Green Beans Nutritional Information (per 100g)

Water: 90.3 g
Calories: 31 kcal
Protein: 1.8 g
Carbohydrate: 7 g
Dietary fiber: 2.7 g
Sugars: 3.3 g
Fat: 0.2 g
Saturated fat: 0.1 g
Polyunsaturated fat: 0.1 g
Vitamin C: 12.2 mg
Vitamin B1: 0.1 mg
Vitamin B2: 0.1 mg
Vitamin B3: 0.7 mg
Vitamin B6: 0.1 mg
Vitamin B9: 33 μg
Vitamin A: 35 μg
Vitamin E: 0.4 mg
Vitamin K: 14.4 μg
Calcium: 37 mg
Iron: 1 mg
Magnesium: 25 mg
Phosphorus: 38 mg
Potassium: 211 mg
Sodium: 6 mg
Zinc: 0.2 mg

Green beans are a nutritious, delicious, and ubiquitous vegetable.
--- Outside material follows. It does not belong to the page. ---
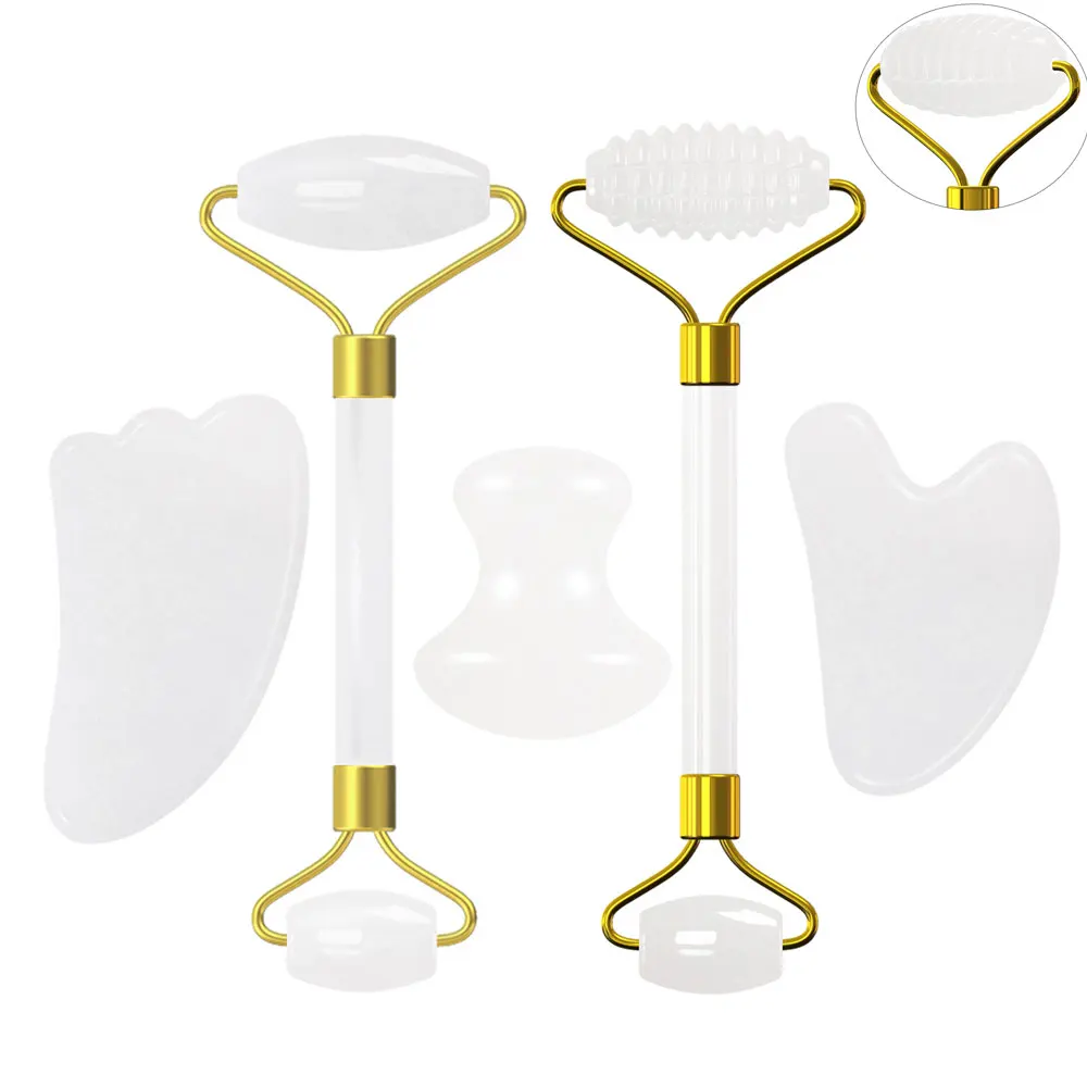 Натуральный белый нефритовый ролик Guasha скребок для доски набор Белый Кварцевый лицевой роликовый лицевой массаж Gua Sha инструмент камень массажер для лица

Sold canned, frozen and fresh, and a great addition to a range of dishes from casseroles to roast dinners, these beans are great stir-fried, steamed or baked.

Green beans are a very low-calorie source of a number of important nutrients, being particularly high in vitamin C. Although 100g of green beans contains just 31 calories, that same 100g contains 20% of your daily value (DV) of vitamin C, 13% DV of vitamin A, 10% DV of dietary fibre, and 6% DV of magnesium.
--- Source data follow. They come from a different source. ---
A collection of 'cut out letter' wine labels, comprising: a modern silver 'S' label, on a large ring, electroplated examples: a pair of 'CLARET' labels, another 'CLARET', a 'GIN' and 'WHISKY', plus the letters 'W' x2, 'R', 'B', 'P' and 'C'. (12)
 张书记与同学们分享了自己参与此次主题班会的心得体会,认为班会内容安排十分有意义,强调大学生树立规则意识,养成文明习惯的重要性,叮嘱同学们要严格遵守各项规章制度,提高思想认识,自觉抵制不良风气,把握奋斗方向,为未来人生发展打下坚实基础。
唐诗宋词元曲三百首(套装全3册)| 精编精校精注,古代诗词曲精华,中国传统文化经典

Green beans are high in carotenoids, specifically beta-carotene and lycopene. Both of these substances have antioxidant properties, and in addition, lycopene has been associated with a reduced risk of prostate cancer, and the beta-carotene in green beans may lower your risk of getting both prostate cancer and colon cancer.

The hulls of green beans have been shown to have anti-oxidant and anti-inflammatory properties. This may seem overly broad, but with inflammation being a cause of diseases like rheumatoid arthritis, and aggravating many others; and free radical damage (prevented by antioxidants) being linked to DNA damage (possibly leading to cancer) and cell death, this is always a really important finding.
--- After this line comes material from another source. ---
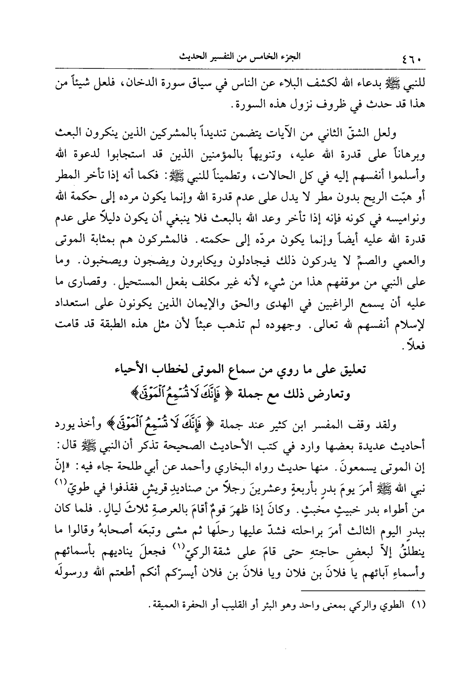 ولقد وقف المفسر ابن كثير عند جملة فَإِنَّكَ لا تُسْمِعُ الْمَوْتى وأخذ يورد أحاديث عديدة بعضها وارد في كتب الأحاديث الصحيحة تذكر أن النبي صلى الله عليه وسلم قال:

Finally, green beans have cardiovascular benefits, as research has shown they can help to lower blood pressure. High blood pressure is a major risk factor for heart disease and stroke, so it is very important to include foods that lower it, in your diet, to help with your long-term cardiovascular health.

With both magnesium and vitamin C being important for cardiovascular performance, eating green beans is a real win-win situation.